Assignment: Using the data beneath this instruction, retype only the lines from the one that contains "传媒板块今日再度走强,截至收" down to the one that contains "2024年底,我们58汽车研", both included, exactly as they appear.

Data for this exercise:
= Beginning of Section =

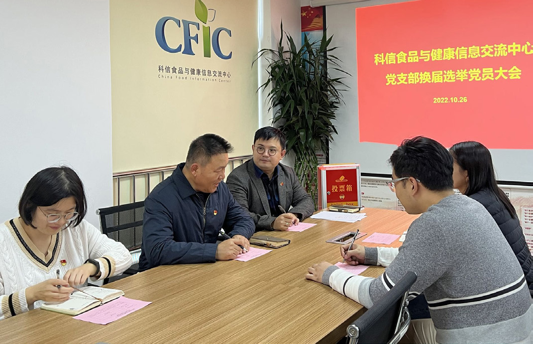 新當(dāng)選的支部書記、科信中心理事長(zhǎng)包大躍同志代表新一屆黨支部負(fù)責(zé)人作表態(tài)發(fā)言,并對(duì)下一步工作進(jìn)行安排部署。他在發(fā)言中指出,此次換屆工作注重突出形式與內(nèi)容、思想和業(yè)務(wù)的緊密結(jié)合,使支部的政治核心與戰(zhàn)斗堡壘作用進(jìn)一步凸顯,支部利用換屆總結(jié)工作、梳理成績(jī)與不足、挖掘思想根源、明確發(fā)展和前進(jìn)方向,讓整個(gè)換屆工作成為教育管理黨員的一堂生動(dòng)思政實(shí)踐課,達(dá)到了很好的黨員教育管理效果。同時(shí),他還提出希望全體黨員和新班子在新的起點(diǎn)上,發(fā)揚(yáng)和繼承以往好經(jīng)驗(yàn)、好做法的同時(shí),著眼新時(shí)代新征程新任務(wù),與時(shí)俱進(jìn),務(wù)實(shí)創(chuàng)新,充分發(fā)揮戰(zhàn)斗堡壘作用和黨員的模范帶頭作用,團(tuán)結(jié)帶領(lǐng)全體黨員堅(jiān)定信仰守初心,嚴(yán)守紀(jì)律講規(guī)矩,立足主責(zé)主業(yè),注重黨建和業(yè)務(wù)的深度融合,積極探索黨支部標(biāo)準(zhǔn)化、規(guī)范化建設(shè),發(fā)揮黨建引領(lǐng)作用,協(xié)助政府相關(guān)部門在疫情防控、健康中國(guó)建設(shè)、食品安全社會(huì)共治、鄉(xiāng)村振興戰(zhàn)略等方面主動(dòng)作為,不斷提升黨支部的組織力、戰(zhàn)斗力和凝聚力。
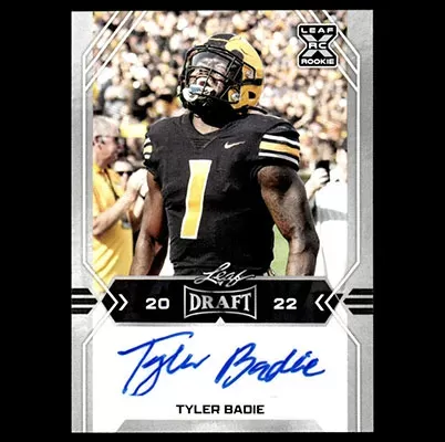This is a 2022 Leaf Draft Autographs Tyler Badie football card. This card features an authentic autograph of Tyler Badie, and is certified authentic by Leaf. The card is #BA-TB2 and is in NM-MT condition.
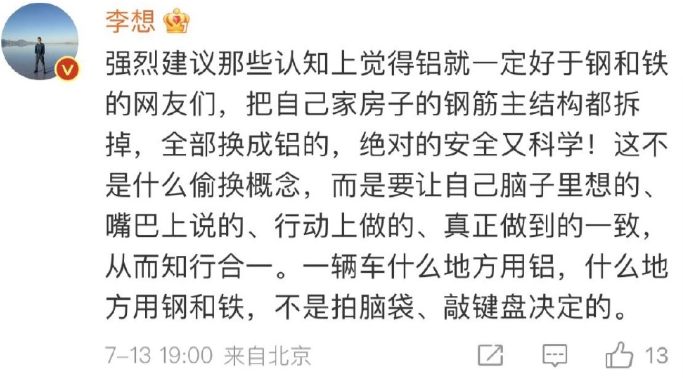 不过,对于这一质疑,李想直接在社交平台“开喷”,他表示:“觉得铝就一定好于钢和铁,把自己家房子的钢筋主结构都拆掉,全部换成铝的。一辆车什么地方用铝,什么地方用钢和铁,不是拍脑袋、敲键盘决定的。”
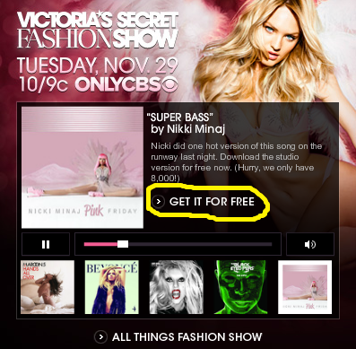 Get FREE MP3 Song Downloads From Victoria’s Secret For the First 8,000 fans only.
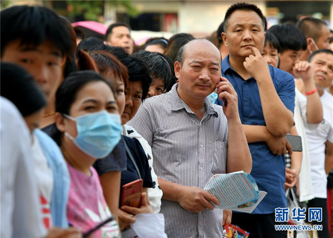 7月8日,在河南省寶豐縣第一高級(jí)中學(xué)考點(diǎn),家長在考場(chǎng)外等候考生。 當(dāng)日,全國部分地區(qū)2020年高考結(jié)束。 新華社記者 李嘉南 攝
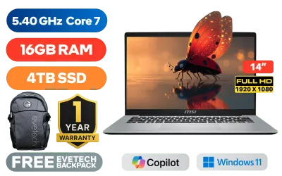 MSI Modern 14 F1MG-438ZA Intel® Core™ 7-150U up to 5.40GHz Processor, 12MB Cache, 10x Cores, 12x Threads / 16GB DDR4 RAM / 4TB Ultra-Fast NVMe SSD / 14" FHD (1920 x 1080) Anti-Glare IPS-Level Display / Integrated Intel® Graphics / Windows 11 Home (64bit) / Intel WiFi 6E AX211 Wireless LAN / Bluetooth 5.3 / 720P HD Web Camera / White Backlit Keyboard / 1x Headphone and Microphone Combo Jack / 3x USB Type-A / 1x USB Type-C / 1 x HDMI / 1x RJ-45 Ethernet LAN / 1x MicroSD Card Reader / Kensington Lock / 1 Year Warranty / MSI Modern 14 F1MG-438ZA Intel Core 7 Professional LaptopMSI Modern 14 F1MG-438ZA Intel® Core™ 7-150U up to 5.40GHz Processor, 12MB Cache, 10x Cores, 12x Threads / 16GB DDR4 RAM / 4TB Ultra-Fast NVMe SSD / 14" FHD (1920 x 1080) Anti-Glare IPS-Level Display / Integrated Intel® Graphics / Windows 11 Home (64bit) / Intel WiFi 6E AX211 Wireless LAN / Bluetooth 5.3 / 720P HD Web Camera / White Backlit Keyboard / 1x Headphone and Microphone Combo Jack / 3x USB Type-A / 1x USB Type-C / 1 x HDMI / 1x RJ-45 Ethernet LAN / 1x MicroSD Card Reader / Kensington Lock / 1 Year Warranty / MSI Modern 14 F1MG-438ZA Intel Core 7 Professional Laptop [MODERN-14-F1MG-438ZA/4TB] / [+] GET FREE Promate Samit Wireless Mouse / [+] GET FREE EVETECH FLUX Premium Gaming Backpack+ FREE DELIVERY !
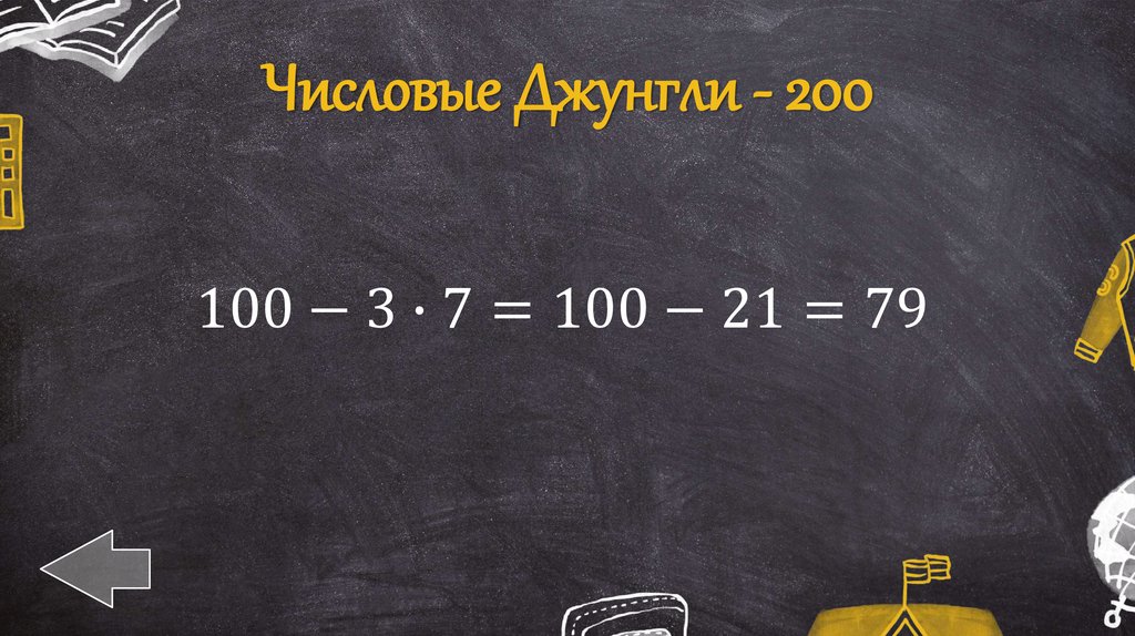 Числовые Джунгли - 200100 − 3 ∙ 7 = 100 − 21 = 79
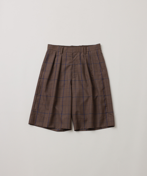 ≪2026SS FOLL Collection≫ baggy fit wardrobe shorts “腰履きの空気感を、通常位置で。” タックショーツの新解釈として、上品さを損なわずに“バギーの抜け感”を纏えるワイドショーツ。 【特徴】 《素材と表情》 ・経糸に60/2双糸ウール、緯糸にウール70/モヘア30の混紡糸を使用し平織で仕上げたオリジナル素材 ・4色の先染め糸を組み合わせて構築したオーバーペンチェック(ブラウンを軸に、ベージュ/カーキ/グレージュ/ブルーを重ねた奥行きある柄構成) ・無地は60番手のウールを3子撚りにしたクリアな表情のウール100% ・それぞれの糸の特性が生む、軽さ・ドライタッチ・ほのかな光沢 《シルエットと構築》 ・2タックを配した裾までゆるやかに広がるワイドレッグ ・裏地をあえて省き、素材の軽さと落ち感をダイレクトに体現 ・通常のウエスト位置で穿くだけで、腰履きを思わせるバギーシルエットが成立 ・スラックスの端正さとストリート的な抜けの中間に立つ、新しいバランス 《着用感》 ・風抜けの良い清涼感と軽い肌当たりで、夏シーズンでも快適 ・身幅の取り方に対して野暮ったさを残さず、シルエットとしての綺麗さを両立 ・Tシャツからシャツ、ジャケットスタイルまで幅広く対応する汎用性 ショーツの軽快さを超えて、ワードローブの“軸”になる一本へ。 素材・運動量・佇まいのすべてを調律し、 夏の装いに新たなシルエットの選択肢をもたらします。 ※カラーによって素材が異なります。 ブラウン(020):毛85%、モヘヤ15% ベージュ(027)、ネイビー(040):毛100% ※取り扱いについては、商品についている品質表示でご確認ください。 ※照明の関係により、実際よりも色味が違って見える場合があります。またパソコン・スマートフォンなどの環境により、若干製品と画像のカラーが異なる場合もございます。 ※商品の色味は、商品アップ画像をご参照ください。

= End of Section =
= Beginning of Section =

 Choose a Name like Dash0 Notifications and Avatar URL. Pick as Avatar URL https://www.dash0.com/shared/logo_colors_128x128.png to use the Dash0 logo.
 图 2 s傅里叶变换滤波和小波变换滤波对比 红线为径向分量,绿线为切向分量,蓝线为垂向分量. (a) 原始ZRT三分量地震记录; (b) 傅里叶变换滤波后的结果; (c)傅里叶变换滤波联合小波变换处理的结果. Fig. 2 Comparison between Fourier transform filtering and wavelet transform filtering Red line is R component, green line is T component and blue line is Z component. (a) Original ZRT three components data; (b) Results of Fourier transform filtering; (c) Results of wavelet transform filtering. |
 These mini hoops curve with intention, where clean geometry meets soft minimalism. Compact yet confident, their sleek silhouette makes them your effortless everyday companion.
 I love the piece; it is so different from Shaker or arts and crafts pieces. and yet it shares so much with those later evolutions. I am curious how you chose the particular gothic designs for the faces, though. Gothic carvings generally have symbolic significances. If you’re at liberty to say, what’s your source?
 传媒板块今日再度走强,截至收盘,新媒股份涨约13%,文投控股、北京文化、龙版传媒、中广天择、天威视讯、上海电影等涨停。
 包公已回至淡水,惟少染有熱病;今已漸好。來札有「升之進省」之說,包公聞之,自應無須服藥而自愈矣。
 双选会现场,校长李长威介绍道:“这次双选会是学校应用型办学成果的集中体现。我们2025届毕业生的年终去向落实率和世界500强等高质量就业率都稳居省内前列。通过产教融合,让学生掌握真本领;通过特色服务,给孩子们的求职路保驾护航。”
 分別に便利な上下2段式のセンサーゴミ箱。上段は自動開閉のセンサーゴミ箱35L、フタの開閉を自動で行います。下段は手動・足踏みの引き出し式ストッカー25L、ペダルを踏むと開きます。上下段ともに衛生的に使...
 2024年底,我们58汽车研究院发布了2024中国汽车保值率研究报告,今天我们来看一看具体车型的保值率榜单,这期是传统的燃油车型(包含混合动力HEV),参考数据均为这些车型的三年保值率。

= End of Section =
= Beginning of Section =

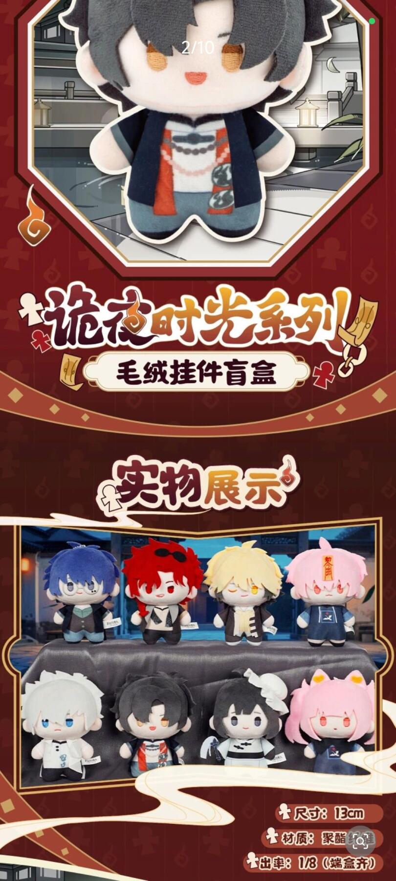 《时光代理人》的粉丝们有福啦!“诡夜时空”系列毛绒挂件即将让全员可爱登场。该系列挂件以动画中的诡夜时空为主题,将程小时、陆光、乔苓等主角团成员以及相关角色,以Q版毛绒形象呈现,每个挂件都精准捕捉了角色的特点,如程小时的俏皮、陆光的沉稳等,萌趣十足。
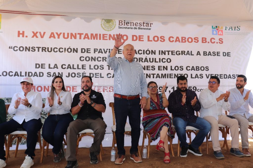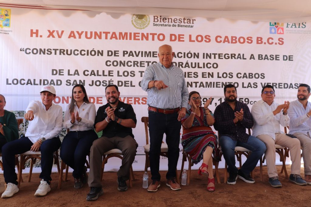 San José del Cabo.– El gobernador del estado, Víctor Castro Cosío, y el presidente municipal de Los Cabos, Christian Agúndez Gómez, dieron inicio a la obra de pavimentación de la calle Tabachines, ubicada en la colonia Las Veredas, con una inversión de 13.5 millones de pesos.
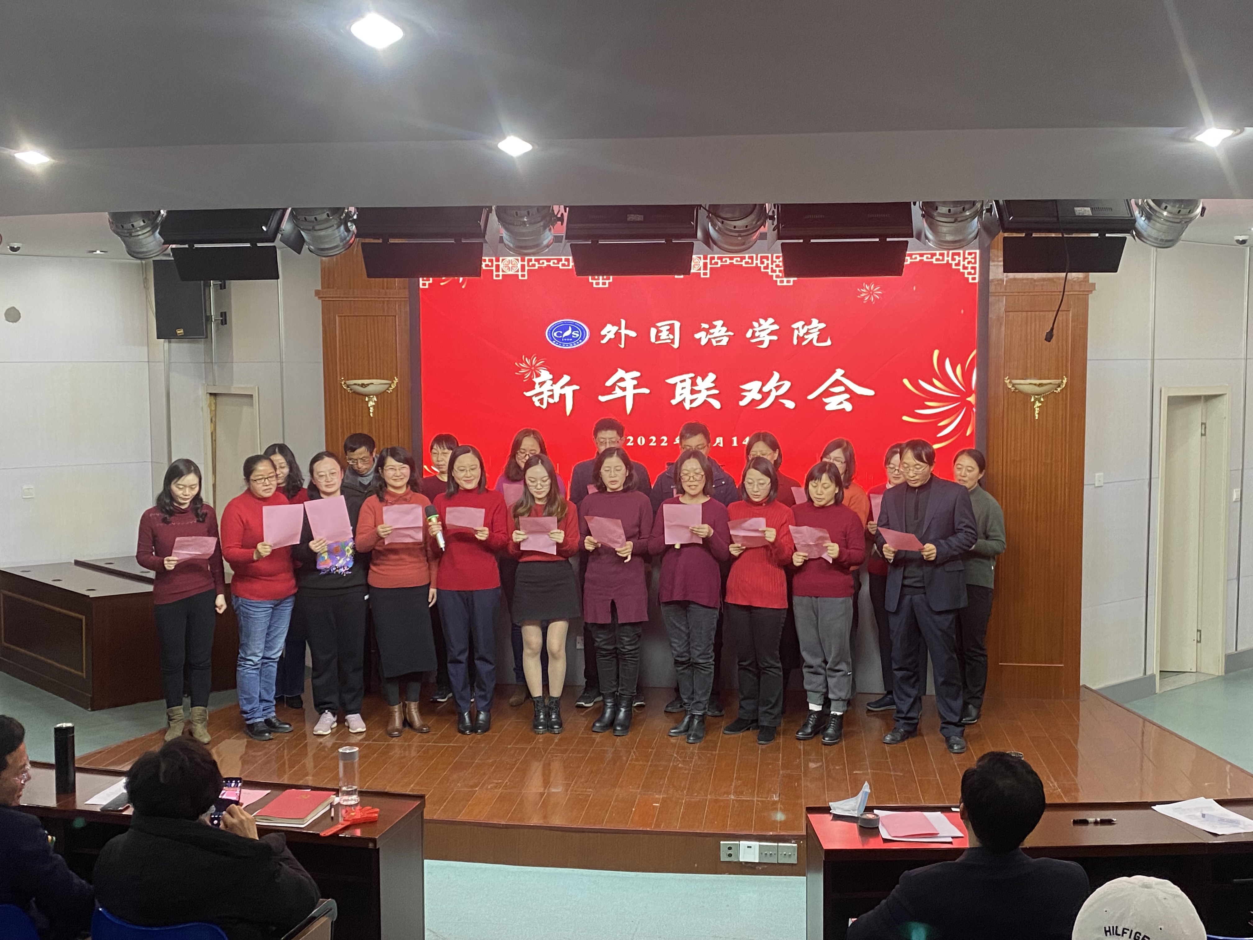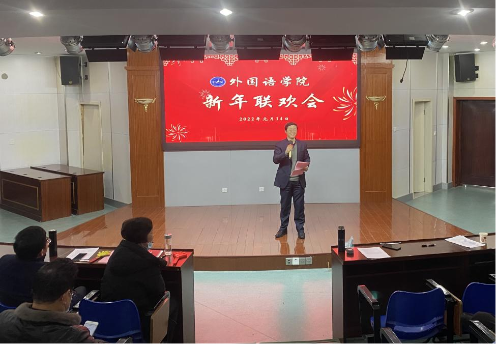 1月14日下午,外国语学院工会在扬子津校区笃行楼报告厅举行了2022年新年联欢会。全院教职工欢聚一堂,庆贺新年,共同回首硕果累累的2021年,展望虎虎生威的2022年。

= End of Section =

Answer for this exercise:
 传媒板块今日再度走强,截至收盘,新媒股份涨约13%,文投控股、北京文化、龙版传媒、中广天择、天威视讯、上海电影等涨停。
 包公已回至淡水,惟少染有熱病;今已漸好。來札有「升之進省」之說,包公聞之,自應無須服藥而自愈矣。
 双选会现场,校长李长威介绍道:“这次双选会是学校应用型办学成果的集中体现。我们2025届毕业生的年终去向落实率和世界500强等高质量就业率都稳居省内前列。通过产教融合,让学生掌握真本领;通过特色服务,给孩子们的求职路保驾护航。”
 分別に便利な上下2段式のセンサーゴミ箱。上段は自動開閉のセンサーゴミ箱35L、フタの開閉を自動で行います。下段は手動・足踏みの引き出し式ストッカー25L、ペダルを踏むと開きます。上下段ともに衛生的に使...
 2024年底,我们58汽车研究院发布了2024中国汽车保值率研究报告,今天我们来看一看具体车型的保值率榜单,这期是传统的燃油车型(包含混合动力HEV),参考数据均为这些车型的三年保值率。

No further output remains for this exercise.